> _What the task requires_
When you restate the data, keep every word as it is and drop the images.

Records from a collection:
-=-=-=-=-
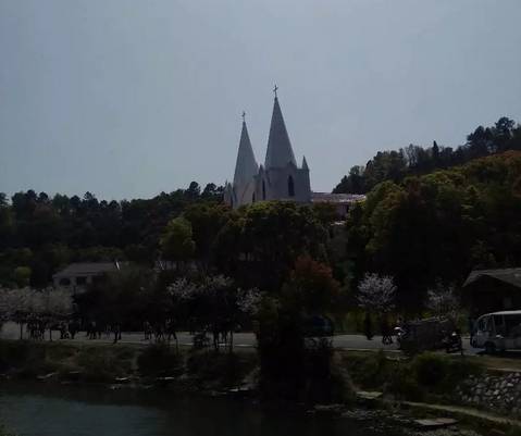 遙遙相對的是新落成的哥特式黃石天主教堂,坐落于團城山公園西側(cè),睡美人山北側(cè),三面青山環(huán)抱,臨磁湖碧波萬頃,藏城中卻遠塵囂,最為修心養(yǎng)性之所,遠遠望去,那象牙式的(仿)哥特式尖頂建筑,襯差紅瓦綠樹倒映在碧綠中,顯得格外幽靜肅穆。
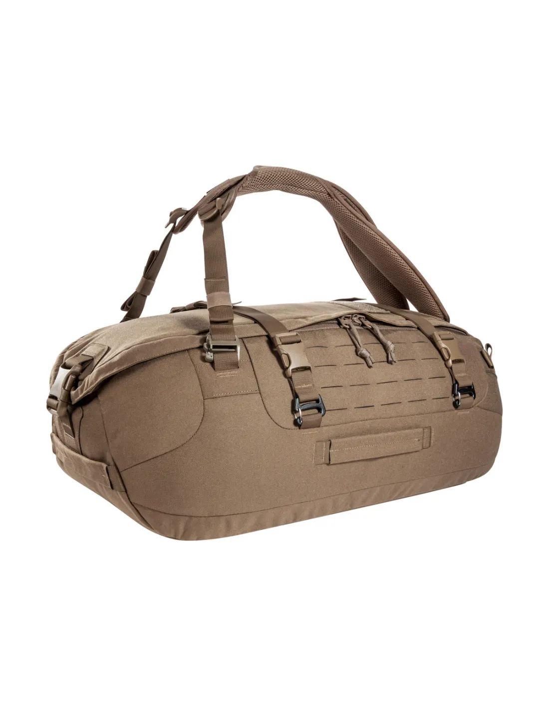 The TT Duffel 45 can be comfortably loaded due to the large opening into the main compartment. The main compartment is lockable. If necessary, the entire bag can be compressed, and it has removable shoulder straps that can be stored in the lid. MOLLE on the outside allows for individual extensions.
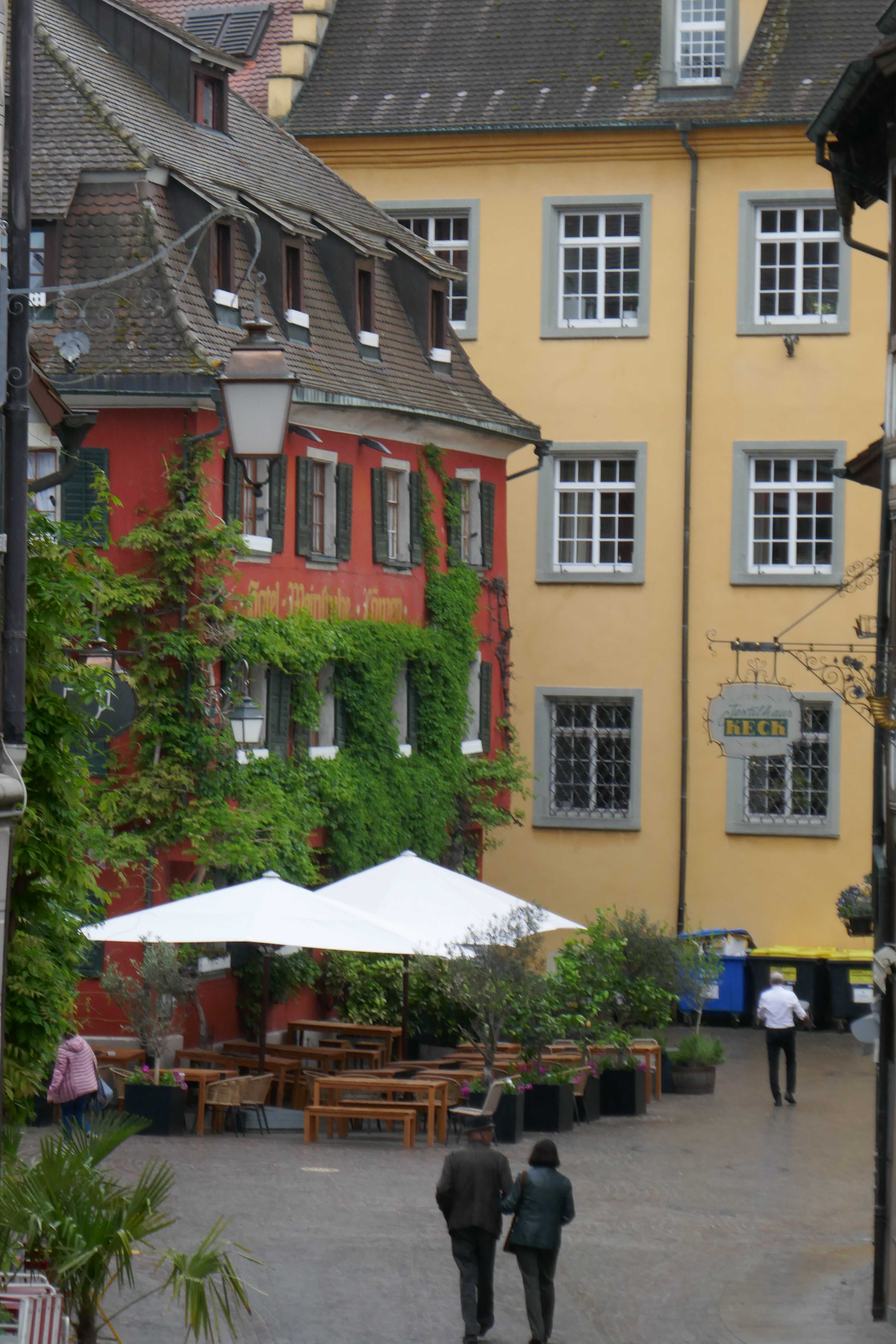 Danach ein kleiner Roundtrip durch Freiburg – auch eine sehr schöne Altstadt. Ganz nett, die „Hinweise“ auf der Straße, in welche Art Geschäft man nun geht, Apotheke – Obstgeschäft – Buchhandel. Wunderschön gemacht.
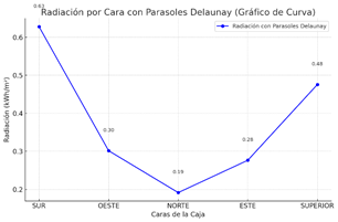 Figura 7: Radiación por Cara: Distribución de la radiación en cada cara de la caja utilizando los Parasoles Delaunay. Fuente:
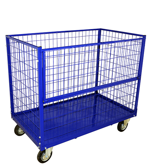 Контейнер цельносварной для складирования с направляющими под вилы погрузчика (125 х 380 мм) и проушинами под грузозахватные механизмы. Грузоподъёмность 800 кг. Установка КС вертикально друг на друга, с общей грузоподъёмностью не более 3,2 тонны. Уголок 40 х 40 х 4,0 мм, заполнение сетка с ячейкой 50 х 50 мм, платформа - лист 1,0 мм. Полимерная порошковая окраска позволяет работать на открытом воздухе при атмосферных осадках. Цвет – синий, RAL 5002.
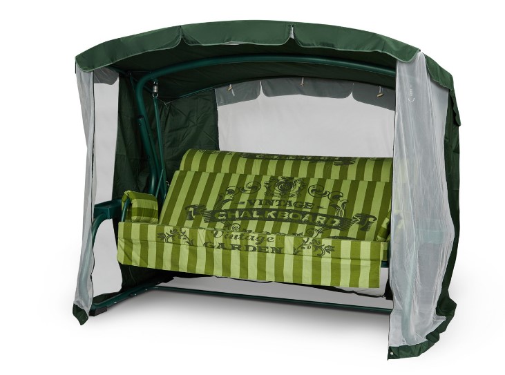 Данный тент предназначен для садовых качелей, размер которых имеет размер 225 см х 123 см, у данного тента приятный зелёный цвет. Изготовлен он из полиэфирного волокна. Такой тент может отлично защитить вас от прямых солнечных лучей и осадков, благодаря такому тенту ваш отдых станет более комфортным.
-=-=-=-=-
> _Solution to the exercise_
 遙遙相對的是新落成的哥特式黃石天主教堂,坐落于團城山公園西側(cè),睡美人山北側(cè),三面青山環(huán)抱,臨磁湖碧波萬頃,藏城中卻遠塵囂,最為修心養(yǎng)性之所,遠遠望去,那象牙式的(仿)哥特式尖頂建筑,襯差紅瓦綠樹倒映在碧綠中,顯得格外幽靜肅穆。
 The TT Duffel 45 can be comfortably loaded due to the large opening into the main compartment. The main compartment is lockable. If necessary, the entire bag can be compressed, and it has removable shoulder straps that can be stored in the lid. MOLLE on the outside allows for individual extensions.
 Danach ein kleiner Roundtrip durch Freiburg – auch eine sehr schöne Altstadt. Ganz nett, die „Hinweise“ auf der Straße, in welche Art Geschäft man nun geht, Apotheke – Obstgeschäft – Buchhandel. Wunderschön gemacht.
 Figura 7: Radiación por Cara: Distribución de la radiación en cada cara de la caja utilizando los Parasoles Delaunay. Fuente:
 Контейнер цельносварной для складирования с направляющими под вилы погрузчика (125 х 380 мм) и проушинами под грузозахватные механизмы. Грузоподъёмность 800 кг. Установка КС вертикально друг на друга, с общей грузоподъёмностью не более 3,2 тонны. Уголок 40 х 40 х 4,0 мм, заполнение сетка с ячейкой 50 х 50 мм, платформа - лист 1,0 мм. Полимерная порошковая окраска позволяет работать на открытом воздухе при атмосферных осадках. Цвет – синий, RAL 5002.
 Данный тент предназначен для садовых качелей, размер которых имеет размер 225 см х 123 см, у данного тента приятный зелёный цвет. Изготовлен он из полиэфирного волокна. Такой тент может отлично защитить вас от прямых солнечных лучей и осадков, благодаря такому тенту ваш отдых станет более комфортным.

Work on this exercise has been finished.